A imagem de Rodri em 2024 é a de meio-campista mais influente do mundo. As lesões atrapalharam por um tempo, mas na Copa do Mundo vemos o espanhol exatamente nessa forma. A melhor prova é o domínio de Rodri em termos de passes. Na Copa do Mundo, ele não apenas lidera nesse aspecto, mas com uma enorme vantagem sobre todos os outros. Um clássico do qual estávamos começando a nos desacostumar.

Rodri não teve o melhor desempenho em sua primeira temporada após a lesão no ligamento cruzado, mas alguns sabiam que o volante voltaria justamente na Copa do Mundo. Quem é esse nosso vidente?

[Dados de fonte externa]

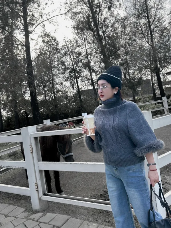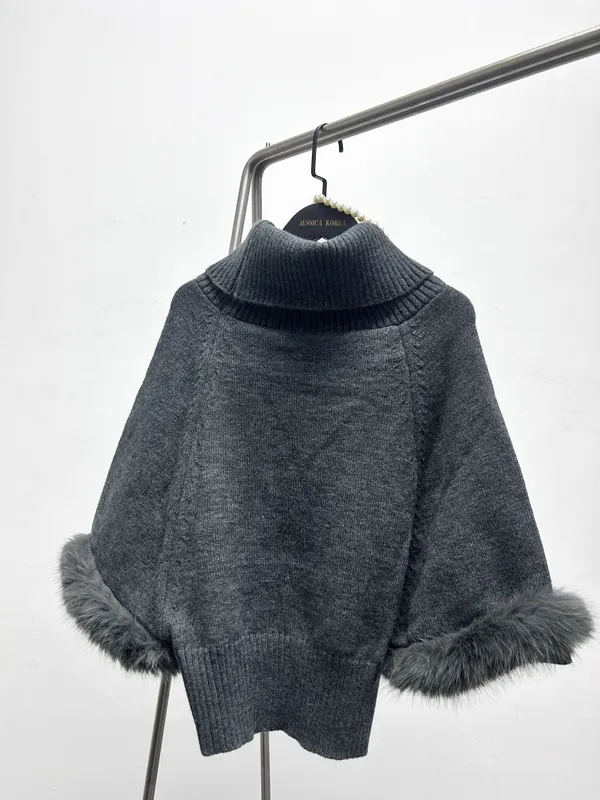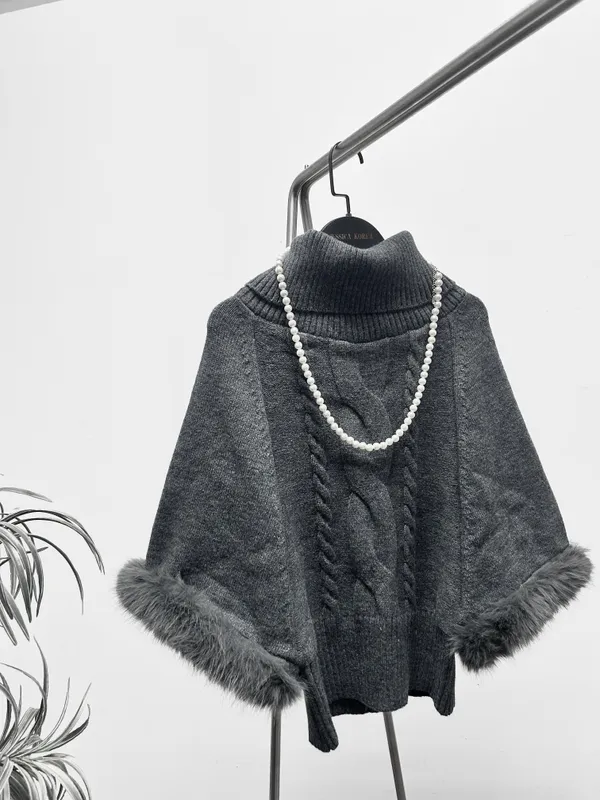 氣場毛邊斗篷高領針織

Pep Guardiola: “É difícil para o Rodri aceitar, mas agora [em outubro] não se deve exigir de si mesmo o que não se pode dar por padrão. É impossível, após se recuperar de uma lesão assim, voltar imediatamente ao mesmo nível. Não se esqueçam de que ele passou quase um ano na mesa de massagem. Acho que a melhor versão do Rodri só veremos na Copa do Mundo. Será o tempo suficiente para ele recuperar a forma”.
Pep não apenas acertou na trajetória, mas também preparou Rodri perfeitamente para a Copa. As melhores qualidades do espanhol se destacam em equipes que jogam de forma ofensiva e dominam as partidas. O City, na primeira metade da temporada, jogou de uma maneira à qual Rodri não estava acostumado – com o menor índice de posse de bola na Premier League, apostando em contra-ataques e com uma linha de cinco defensores no final dos jogos. A versão mais pragmática da era Pep. Rodri teve que se esforçar muito sem a bola – essa fase foi a mais afetada pela lesão. Nesse período, ele até perdeu a disputa com Nico González.
No segundo turno, o City finalmente passou a jogar no estilo que Rodri exige. A equipe voltou ao primeiro lugar na Premier League em posse de bola. Em intensidade de pressão (também importante para o estilo de Rodri), deu um salto gigantesco – do 12º para o 4º lugar. Rodri não apenas tirou Nico do time, mas jogou praticamente em todas as partidas. Tornou-se novamente indispensável. É revelador que o City tenha saído da disputa apenas quando Rodri se lesionou e ficou de fora por algumas semanas. Foi o suficiente para o Arsenal retomar a iniciativa.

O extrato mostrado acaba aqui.